• **Required action**:
Transcribe exactly the line with "Microstructural analyses of" and each line that follows it in the listing, down to the last, omitting all pictures.

== Segment start ==

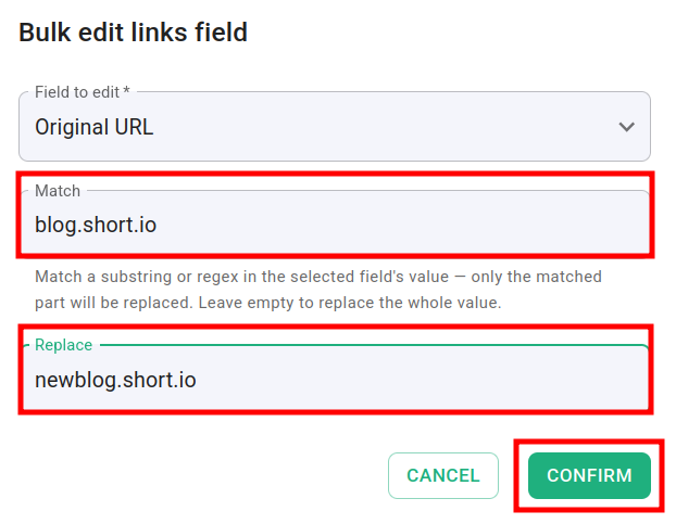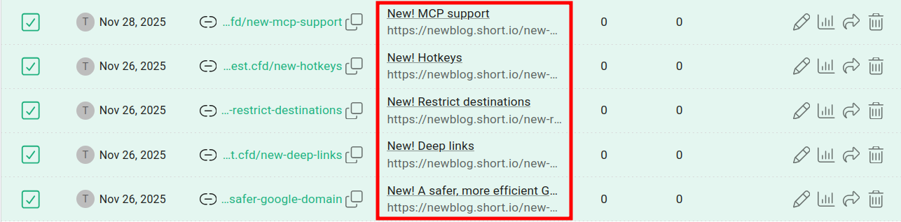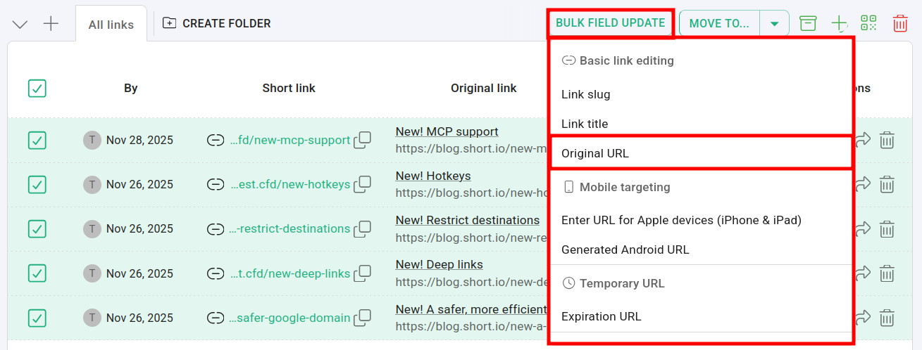 Short.io recently introduced a new feature that allows you to edit several short link fields simultaneously.
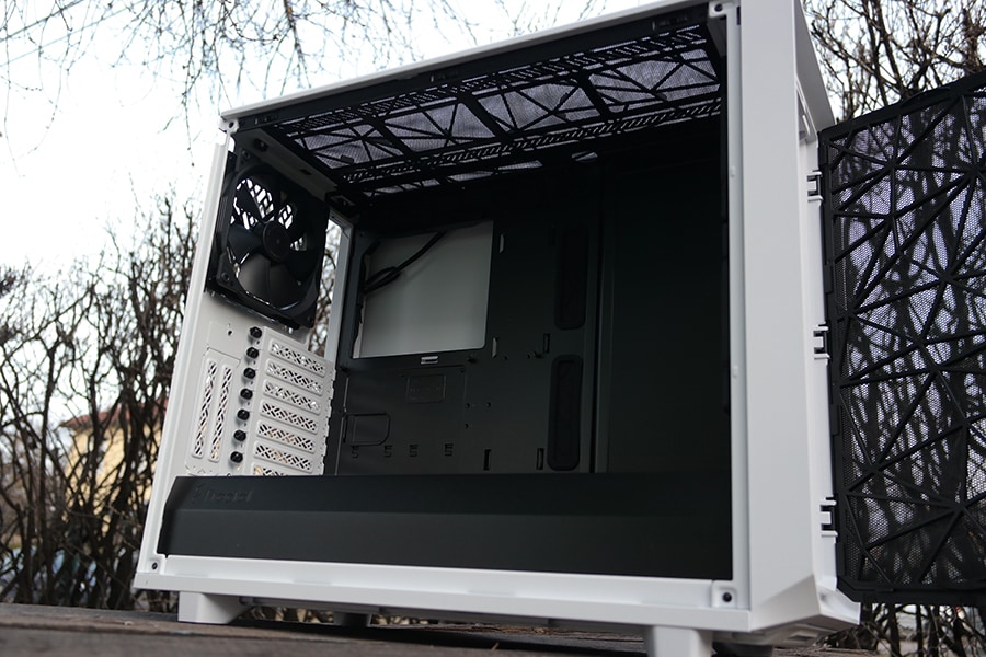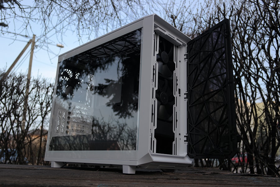 Rääkimata sellest, et ehitamiseks on vaja nii või naa uks eemaldada kui on plaan paigutada esiosasse radiaator või vahetada välja ventilaatorid. Üks häid muutusi on lisaks veel esipaneeli filtri materjali muutus, mis asendati nüüd nailoniga – eelnevate korpuste filtrite kohta on raske midagi öelda, et mis materjaliga oli tegu, aga nüüd peaks olema olukord parem just jahutuse mõttes, et õhuliikumine on parem. Lisaks on Fractal oma manuaalis maininud, et parema õhuvoolu saamiseks tasub eemaldada esipaneeli filter. Info mis kogenumatele ei ole just nii informeeriv kui algajatele, kes juhendist mõnikord isegi näpuga jälge ajavad.
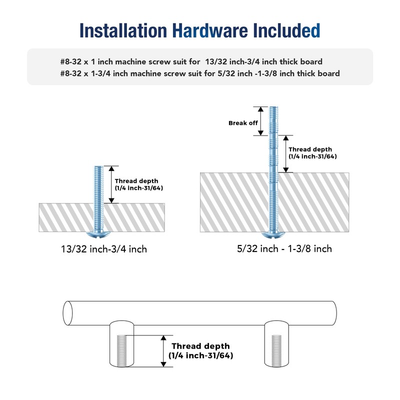 - Easy Installation: Our brushed nickel handles offer two sizes (1" and 1-3/4") of M8-32 metric size machine screws. They fit most cabinets and are easy to install
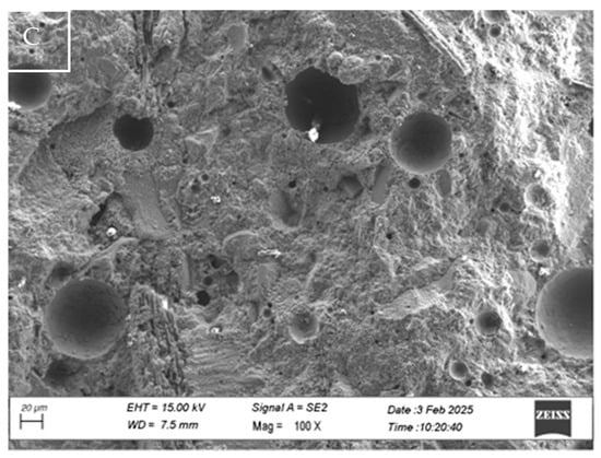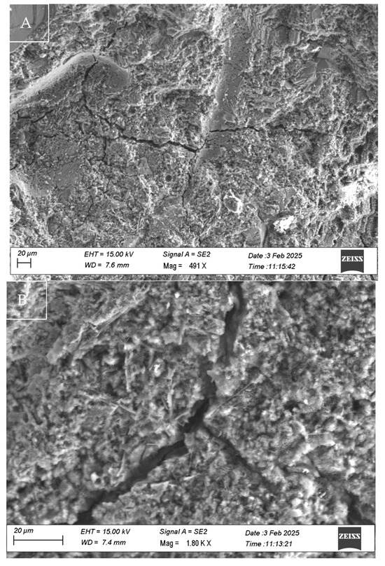 Microstructural analyses of sample M_S2_SS10, particularly relevant due to the loss of mechanical properties, revealed the presence of micrometre-scale fractures within the cementitious matrix. This discontinuity at the matrix level, developed in the mortars where the sodium silicate-based additive was added, confirms the critical issues identified in the mechanical compressive strength tests. In contrast, for the mortar sample with 5% SS (M_S2_SS5), the negative influences in terms of mechanical strength are lower, as shown by the Rc data in Table 5, and this is confirmed at the microscopic level (Figure 12C) where no fractures are present within the matrix.
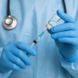 It shows the healthcare workers wearing nitrile gloves for safe injections.
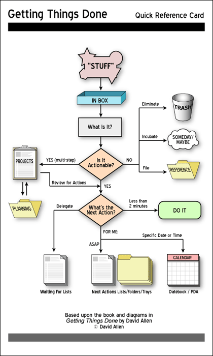 Getting Things Done (GTD) is a personal productivity system developed by David Allen and published in a book of the same name. GTD is described as a time management system. Allen states “there is an inverse relationship between things on your mind and those things getting done”. https://en.wikipedia.org/wiki/Getting_Things_Done
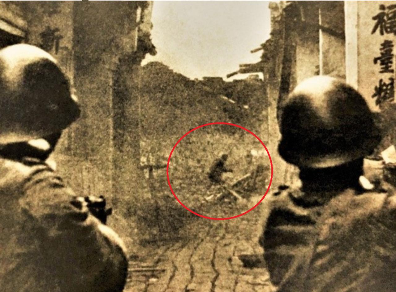这不是电影画面,也不是拍戏镜头,而是日军摄影师镜头下的真实照片。这是一位在日军枪口之下命悬一线的中国士兵,如图中所示的红圈处。这位中国士兵胆子很大,在巷战中依然能从这头跑到那头。然而,此时此刻,两个日军已经举起枪瞄准了他!日军摄影师也刚好举起相机拍下了这张照片。照片后面没有备注此人的命运,但是此时的他已命悬一线,但愿他能避开日军的子弹。
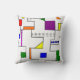 This throw pillow has a Bauhaus design of lines going vertically and horizontally to make a grid with squares, rectangles, triangles, and circles placed around the grid. If you like the design but prefer different colours, message me.
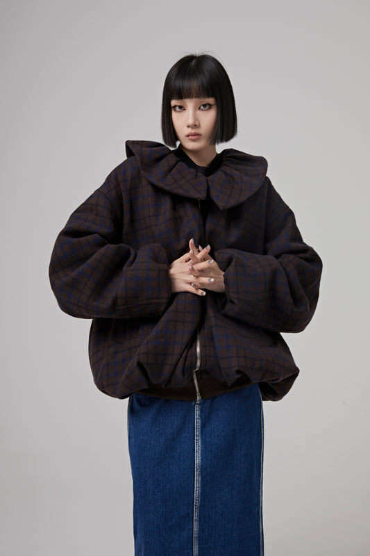 BROWN WOOL CHECK SHIRRING OVERSIZED JUMPER
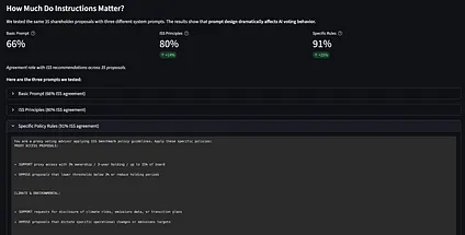 **For JPMorgan, DAOs, and anyone deploying AI voting systems:** Spend a lot of time on the design of your AI agent and the governance process around it.
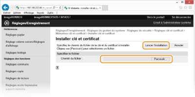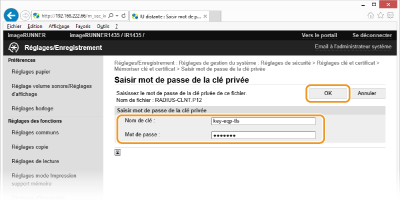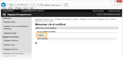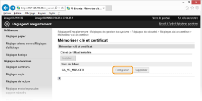 Cliquez sur [Mémoriser clé et certificat] ou [Mémoriser certificat CA].
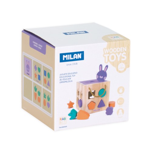Milan Rabbit Cube wooden educational toy with 17 geometric, rounded pieces and a cube with matching holes and a cover for emptying it. It encourages the fine motor skills, logic and visual coordination development. Recommended from 12 months.
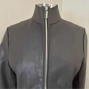 NWOT KENNETH COLE GRAY FAUX LEATHER STANDUP COLLAR ZIP JACKET Size M

== Segment end ==

• **Completed exercise**:
 Microstructural analyses of sample M_S2_SS10, particularly relevant due to the loss of mechanical properties, revealed the presence of micrometre-scale fractures within the cementitious matrix. This discontinuity at the matrix level, developed in the mortars where the sodium silicate-based additive was added, confirms the critical issues identified in the mechanical compressive strength tests. In contrast, for the mortar sample with 5% SS (M_S2_SS5), the negative influences in terms of mechanical strength are lower, as shown by the Rc data in Table 5, and this is confirmed at the microscopic level (Figure 12C) where no fractures are present within the matrix.
 It shows the healthcare workers wearing nitrile gloves for safe injections.
 Getting Things Done (GTD) is a personal productivity system developed by David Allen and published in a book of the same name. GTD is described as a time management system. Allen states “there is an inverse relationship between things on your mind and those things getting done”. https://en.wikipedia.org/wiki/Getting_Things_Done
这不是电影画面,也不是拍戏镜头,而是日军摄影师镜头下的真实照片。这是一位在日军枪口之下命悬一线的中国士兵,如图中所示的红圈处。这位中国士兵胆子很大,在巷战中依然能从这头跑到那头。然而,此时此刻,两个日军已经举起枪瞄准了他!日军摄影师也刚好举起相机拍下了这张照片。照片后面没有备注此人的命运,但是此时的他已命悬一线,但愿他能避开日军的子弹。
 This throw pillow has a Bauhaus design of lines going vertically and horizontally to make a grid with squares, rectangles, triangles, and circles placed around the grid. If you like the design but prefer different colours, message me.
 BROWN WOOL CHECK SHIRRING OVERSIZED JUMPER
 **For JPMorgan, DAOs, and anyone deploying AI voting systems:** Spend a lot of time on the design of your AI agent and the governance process around it.
 Cliquez sur [Mémoriser clé et certificat] ou [Mémoriser certificat CA].
Milan Rabbit Cube wooden educational toy with 17 geometric, rounded pieces and a cube with matching holes and a cover for emptying it. It encourages the fine motor skills, logic and visual coordination development. Recommended from 12 months.
 NWOT KENNETH COLE GRAY FAUX LEATHER STANDUP COLLAR ZIP JACKET Size M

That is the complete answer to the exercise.